───── Supplied material ─────
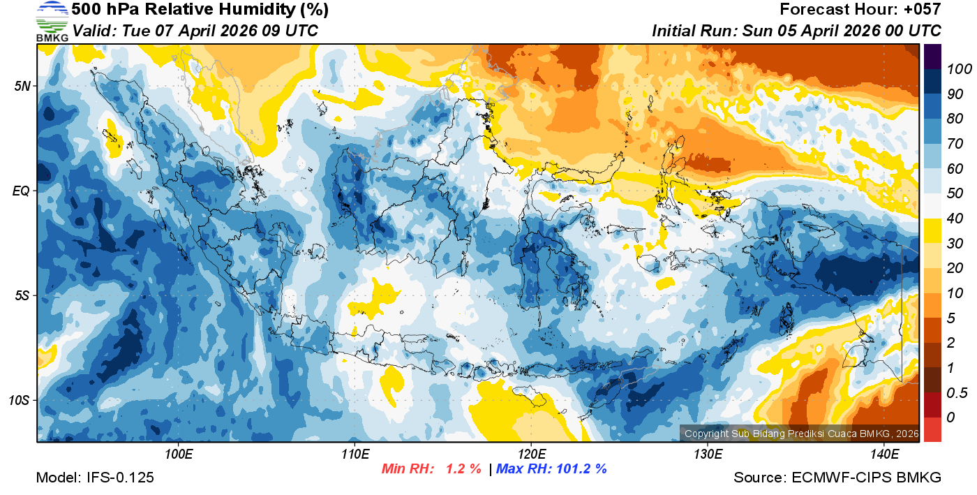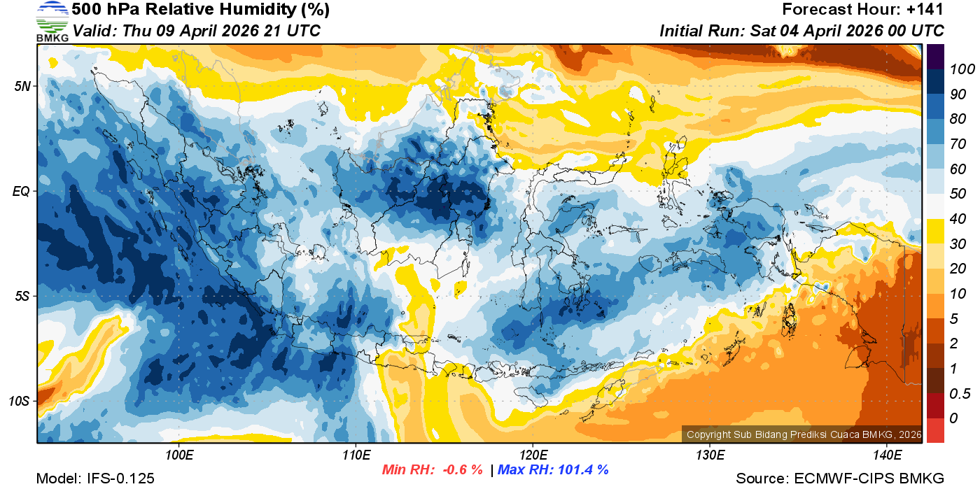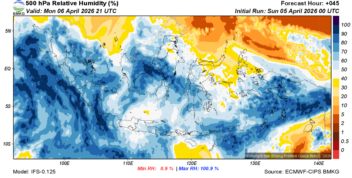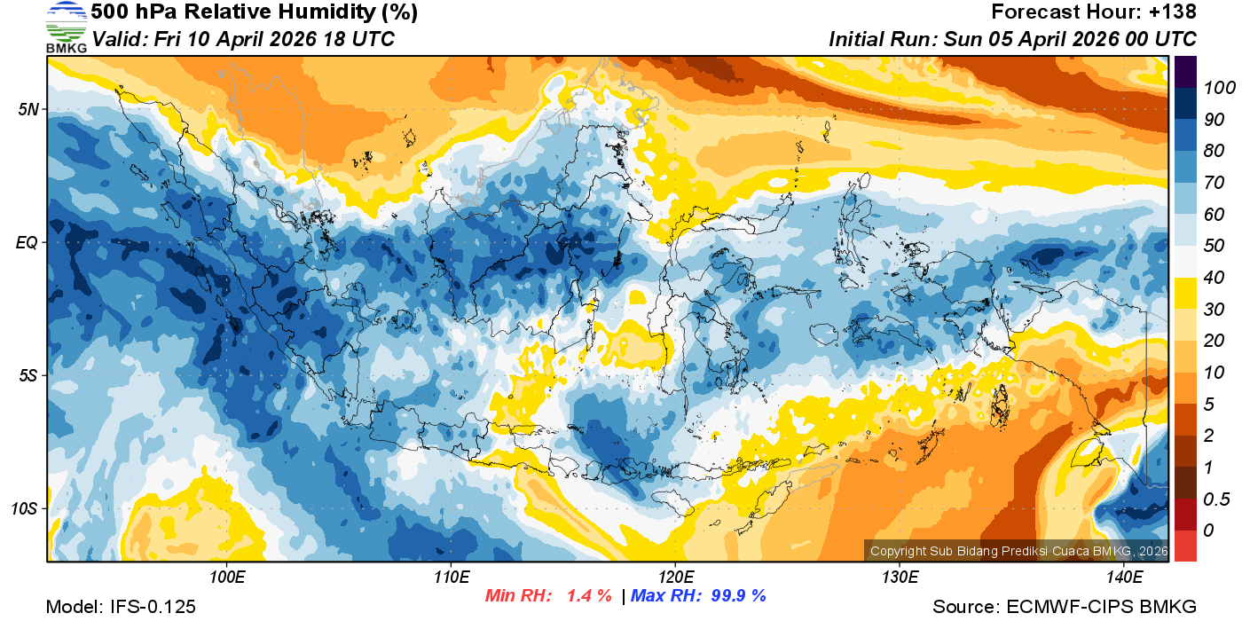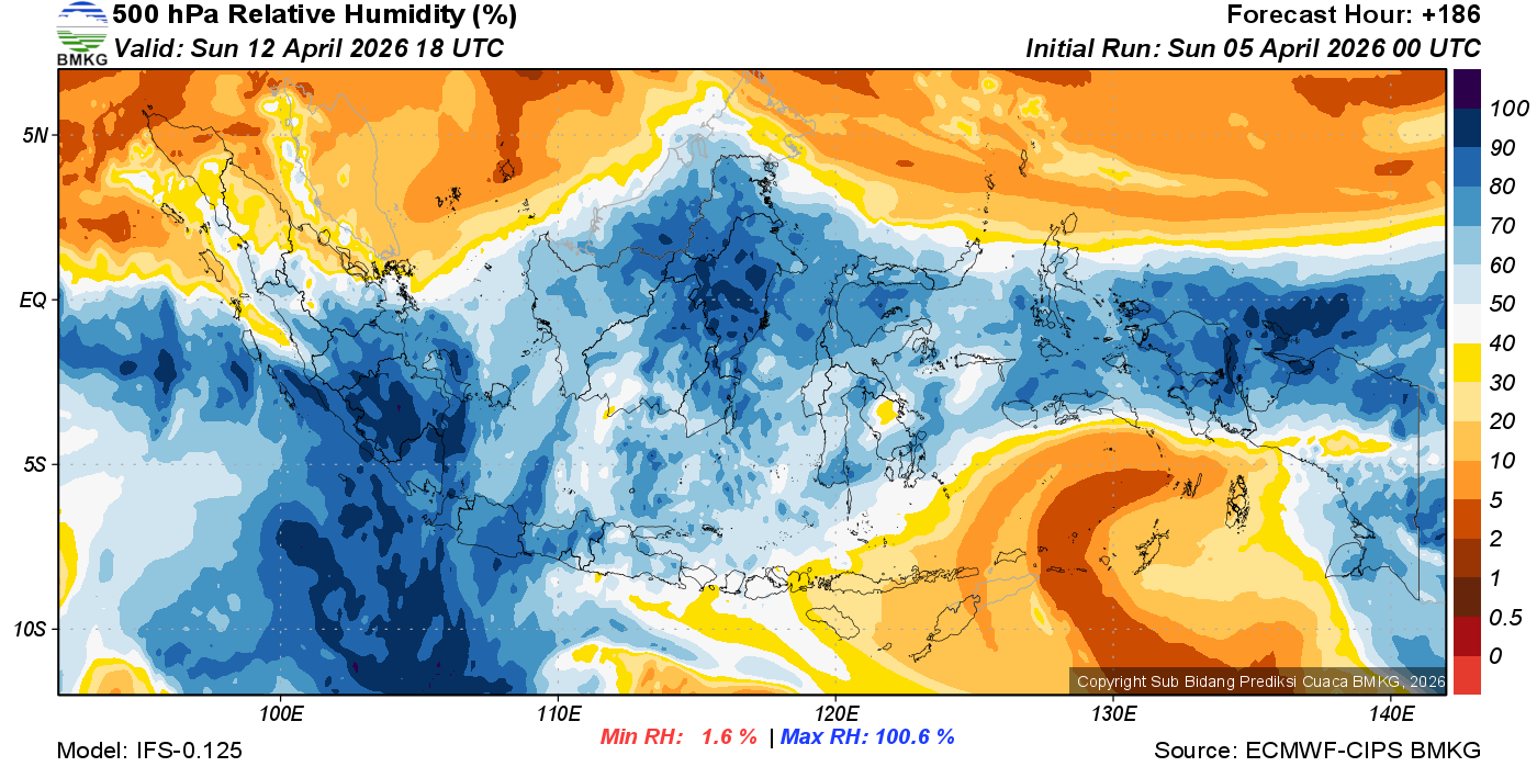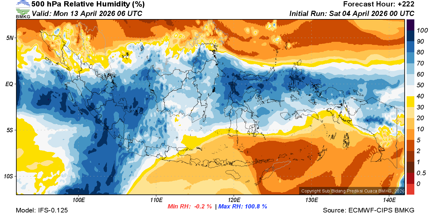 Prediksi Suhu Titik Embun 600 hPa NTT
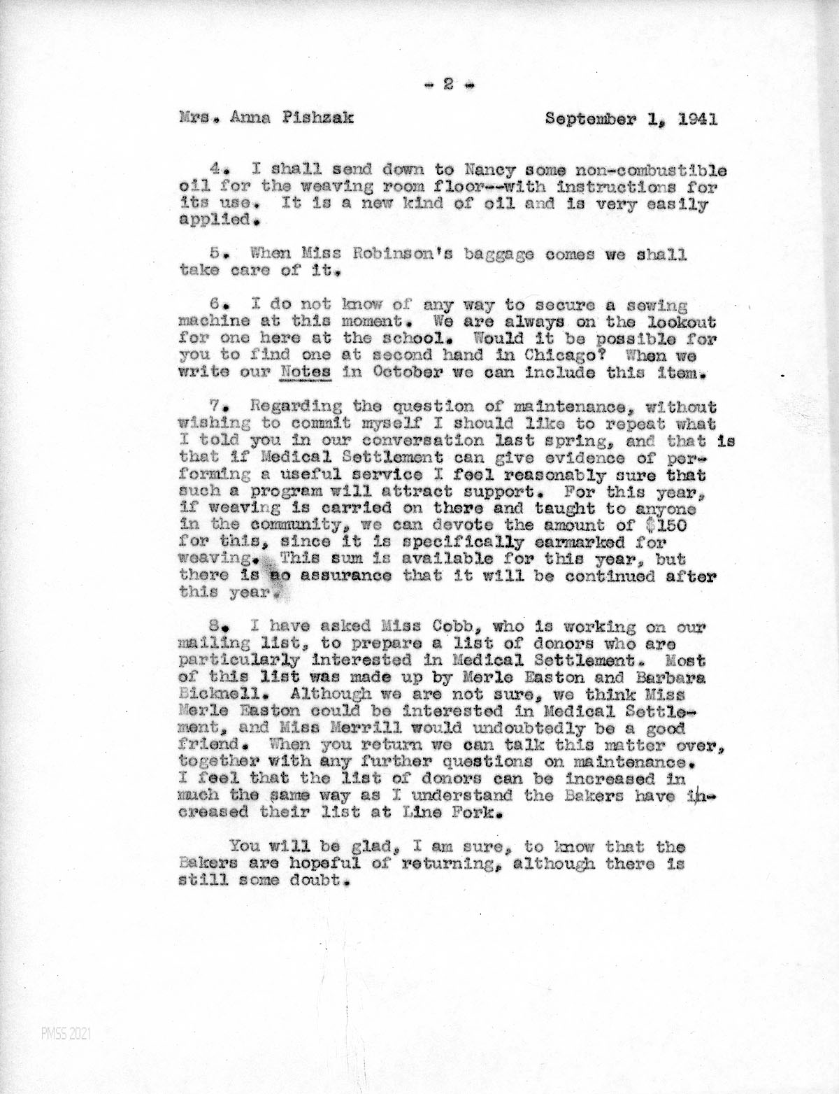 [038] September 29, 1941. MEMORANDUM OF CONVERSATION WITH MRS. PISHZAK: Reaffirmed that “the school is not committed in any way to financial support of Medical Settlement…. We agreed that as soon as Mrs. Pishzak begins to teach weaving, the money appropriated by the Colonial Coverlet Guild for the purpose of helping with a weaving program at Pine Mountain would be turned over to Mrs. Pishzak toward the maintenance of this program at Big Laurel.” Other PMSS agreements concern the coal bin, furnishing 3 looms, and printing “circulars to advertise the weaving program.”
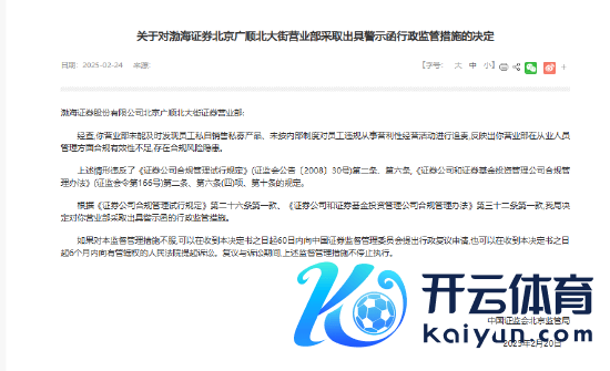 除总部业务受罚外,渤海证券北京广顺北大街证券买卖部近期亦因合规问题被责令整改。2月24日北京监管局走漏的一份文献高慢,渤海证券买卖部存在职工暗自销售私募家具等问题。经查,该买卖部未能实时发现职工暗自销售私募家具,且未按轨制对职工违章从事谋利性当作追责,反应出从业东说念主员治理失效。监管指出,其步履违背《证券公司合规治理试行律例》及《证券公司和证券基金投资治理公司合规治理宗旨》磋商律例,决定对其取舍出具警示函的行政监管步履。
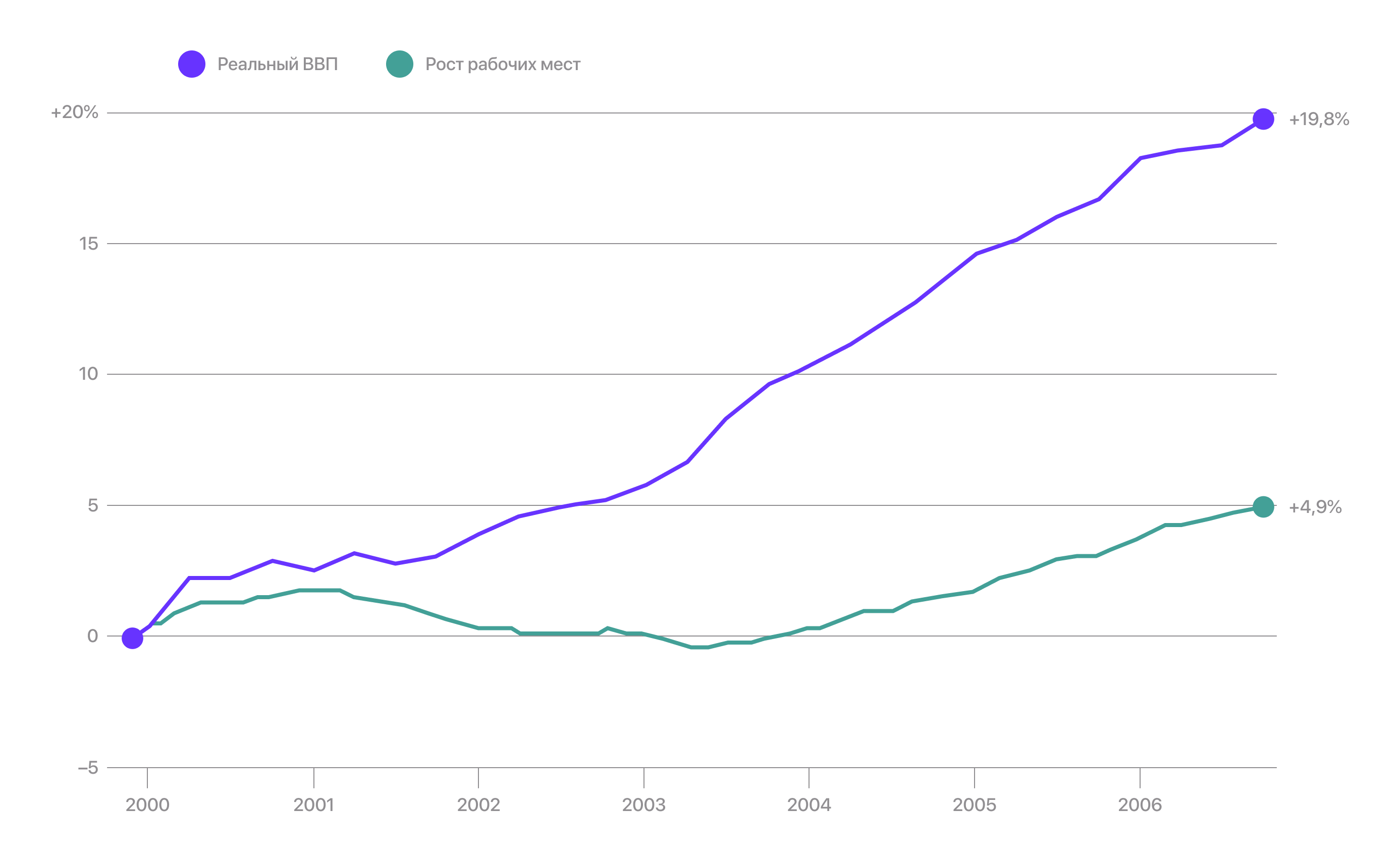 Однако восстановление ВВП не сопровождалось улучшением ситуации на рынке труда. Для работников это обернулось долгим периодом стагнации. В 2001 году было утрачено 1,7 млн рабочих мест, в 2002-м — еще 518 тысяч. Годовой прирост занятости оставался отрицательным вплоть до ноября 2003 года — спустя два года после формального окончания рецессии. К концу 2003-го число занятых в экономике оказалось ниже уровня 1999 года, тогда как объем производства вырос на 10%.
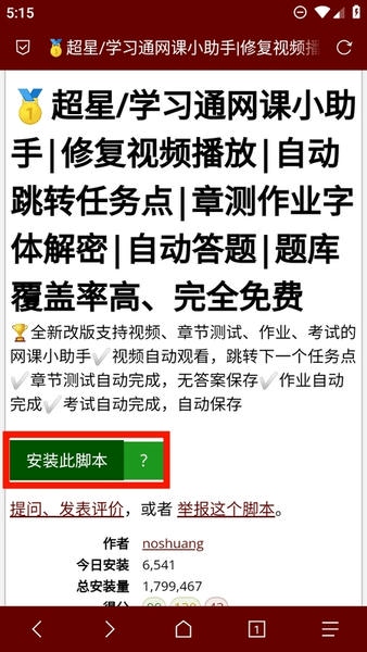3、随便选择一个脚本打开,点击【安装此脚本】。
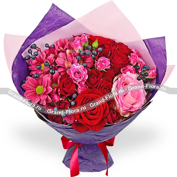 Стандартный: роза красная - 2 шт., роза кустовая красная - 2 шт., роза кустовая розовая - 3 шт., хризантема кустовая ромашковая розовая - 2 шт., декор, упаковка, лента. Примерный размер: 30Х30 см.
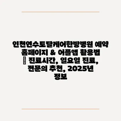 인천연수토탈케어한방병원 예약 홈페이지 & 어플앱 활용법 | 진료시간, 일요일 진료, 전연락 추천, 2025년 정보 에 대해 자주 묻는 질문 TOP 5
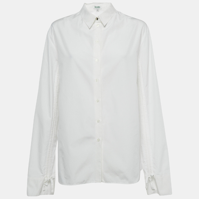 This Kenzo poplin shirt reimagines a classic white button down with drawstring ruched sleeves for a contemporary twist. Relaxed yet structured, it adds character to everyday styling. Perfect for pairing with tailored trousers or denim.
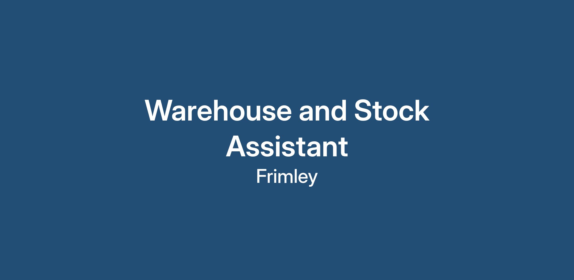Main duties of the Warehouse and Stock Assistant will include:
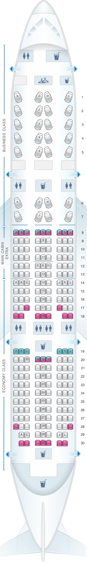 | Business Class | Lie-flat | 21" | 28 |
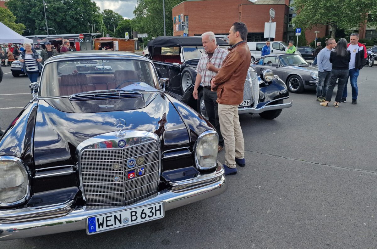 Mit frischem Elan ging es über Flossenbürg und Floß zurück nach Weiden. Dort reihten sich die Fahrzeuge wieder auf dem Großparkplatz ein, wo die zweite Halbzeit des Tages eingeläutet wurde: „Benzingespräche“ an jeder Ecke, leuchtende Kinderaugen an der Auto-Hüpfburg und fachkundige Diskussionen über Motorhauben hinweg. „So etwas erlebt man nur einmal im Jahr und heute gleich im XXL-Format“, schwärmte ein Besucher aus Thüringen.
─────
▶ [Work order]:
Each record above must be returned exactly as written, with its pictures omitted.

▶ [Solution below]:
 Prediksi Suhu Titik Embun 600 hPa NTT
 [038] September 29, 1941. MEMORANDUM OF CONVERSATION WITH MRS. PISHZAK: Reaffirmed that “the school is not committed in any way to financial support of Medical Settlement…. We agreed that as soon as Mrs. Pishzak begins to teach weaving, the money appropriated by the Colonial Coverlet Guild for the purpose of helping with a weaving program at Pine Mountain would be turned over to Mrs. Pishzak toward the maintenance of this program at Big Laurel.” Other PMSS agreements concern the coal bin, furnishing 3 looms, and printing “circulars to advertise the weaving program.”
 除总部业务受罚外,渤海证券北京广顺北大街证券买卖部近期亦因合规问题被责令整改。2月24日北京监管局走漏的一份文献高慢,渤海证券买卖部存在职工暗自销售私募家具等问题。经查,该买卖部未能实时发现职工暗自销售私募家具,且未按轨制对职工违章从事谋利性当作追责,反应出从业东说念主员治理失效。监管指出,其步履违背《证券公司合规治理试行律例》及《证券公司和证券基金投资治理公司合规治理宗旨》磋商律例,决定对其取舍出具警示函的行政监管步履。
 Однако восстановление ВВП не сопровождалось улучшением ситуации на рынке труда. Для работников это обернулось долгим периодом стагнации. В 2001 году было утрачено 1,7 млн рабочих мест, в 2002-м — еще 518 тысяч. Годовой прирост занятости оставался отрицательным вплоть до ноября 2003 года — спустя два года после формального окончания рецессии. К концу 2003-го число занятых в экономике оказалось ниже уровня 1999 года, тогда как объем производства вырос на 10%.
3、随便选择一个脚本打开,点击【安装此脚本】。
 Стандартный: роза красная - 2 шт., роза кустовая красная - 2 шт., роза кустовая розовая - 3 шт., хризантема кустовая ромашковая розовая - 2 шт., декор, упаковка, лента. Примерный размер: 30Х30 см.
 인천연수토탈케어한방병원 예약 홈페이지 & 어플앱 활용법 | 진료시간, 일요일 진료, 전연락 추천, 2025년 정보 에 대해 자주 묻는 질문 TOP 5
 This Kenzo poplin shirt reimagines a classic white button down with drawstring ruched sleeves for a contemporary twist. Relaxed yet structured, it adds character to everyday styling. Perfect for pairing with tailored trousers or denim.
Main duties of the Warehouse and Stock Assistant will include:
 | Business Class | Lie-flat | 21" | 28 |
 Mit frischem Elan ging es über Flossenbürg und Floß zurück nach Weiden. Dort reihten sich die Fahrzeuge wieder auf dem Großparkplatz ein, wo die zweite Halbzeit des Tages eingeläutet wurde: „Benzingespräche“ an jeder Ecke, leuchtende Kinderaugen an der Auto-Hüpfburg und fachkundige Diskussionen über Motorhauben hinweg. „So etwas erlebt man nur einmal im Jahr und heute gleich im XXL-Format“, schwärmte ein Besucher aus Thüringen.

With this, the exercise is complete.